Um eine Einstellungen für Object Ownership für einen vorhandenen Bucket anzuwenden, verwenden Sie den put-bucket-ownership-controls-Befehl mit dem --ownership-controls-Parameter. Gültige Werte für die Eigentümerschaft sind BucketOwnerEnforced, BucketOwnerPreferred oder ObjectWriter.

In diesem Beispiel wird die Einstellung „Bucket-Eigentümer erzwungen“ für einen vorhandenen Bucket mithilfe der AWS CLI angewendet:

aws s3api put-bucket-ownership-controls --bucket DOC-EXAMPLE-BUCKET --ownership-controls="Rules=[{ObjectOwnership=BucketOwnerEnforced}]"

Informationen zu put-bucket-ownership-controls finden Sie unter put-bucket-ownership-controls im AWS Command Line Interface -Benutzerhandbuch.

In diesem Beispiel gilt die BucketOwnerEnforced-Einstellung für Object Ownership für einen vorhandenen Bucket mit AWS SDK for Java:

         // Build the ObjectOwnership for BucketOwnerEnforced
         OwnershipControlsRule rule = OwnershipControlsRule.builder()
                .objectOwnership(ObjectOwnership.BucketOwnerEnforced)
                .build();

         OwnershipControls ownershipControls = OwnershipControls.builder()
                   .rules(rule)
                   .build()

          // Build the PutBucketOwnershipControlsRequest
          PutBucketOwnershipControlsRequest putBucketOwnershipControlsRequest =
                PutBucketOwnershipControlsRequest.builder()
                        .bucket(BUCKET_NAME)
                        .ownershipControls(ownershipControls)
                        .build();
                        
          // Send the request to Amazon S3 
          s3client.putBucketOwnershipControls(putBucketOwnershipControlsRequest);

Informationen AWS CloudFormation zum Anwenden einer Objekteigentümer-Einstellung für einen vorhandenen Bucket finden Sie AWS::S3::Bucket OwnershipControlsim AWS CloudFormation Benutzerhandbuch.

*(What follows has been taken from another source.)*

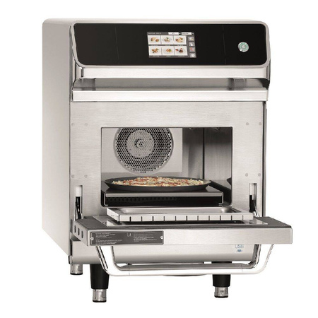Piec konwekcyjno-mikrofalowy Snackjet 200 marki Bartscher to urządzenie, które łączy w sobie zalety pieca konwekcyjnego i kuchenki mikrofalowej. Urządzenie posiada 1024 gotowe programy obróbki termicznej. Piec daje także możliwość programowania indywidualnego, a każdy program może mieć do 15 faz gotowania. Posiada wentylator z możliwością regulacji obrotów. Panel sterowania pozwala na zarządzanie czasem, temperaturą i intensywnością mikrofal. Piec Snackjet 200 posiada zakres temperatury od 25 do 280 °C. Posiada elektroniczny, dotykowy panel sterowania z możliwością regulacji temperatury co 0,1°C. Wbudowany timer daje możliwość zaprogramowania czasu od 0 do 20 minut. Urządzenie posiada też możliwość importowania przepisów wraz zdjęciami z nośników zewnętrznych. Urządzenie wykonane ze stali szlachetnej.

Um die REST-API zum Anwenden einer Object-Ownership-Einstellung auf einen vorhandenen S3-Bucket zu verwenden, verwenden Sie PutBucketOwnershipControls. Weitere Informationen finden Sie unter PutBucketOwnershipControls in der API-Referenz zu Amazon Simple Storage Service.

Nächste Schritte: Nach der Anwendung der Einstellungen „Von Bucket-Besitzer erzwungen“ oder „Von Bucket-Besitzer bevorzugt“ auf den Objektbesitz können Sie die folgenden Schritte ausführen:

  • Bucket-Eigentümer erzwungen – Erfordert, dass alle neuen Buckets mit deaktivierten ACLs erstellt werden, indem eine IAM- oder Organisationsrichtlinie verwendet wird.

  • Bucket-Eigentümer bevorzugt- Fügen Sie eine S3-Bucket-Richtlinie hinzu, um die bucket-owner-full-control vordefinierte ACL für alle Objekt-Uploads in Ihren Bucket anzufordern.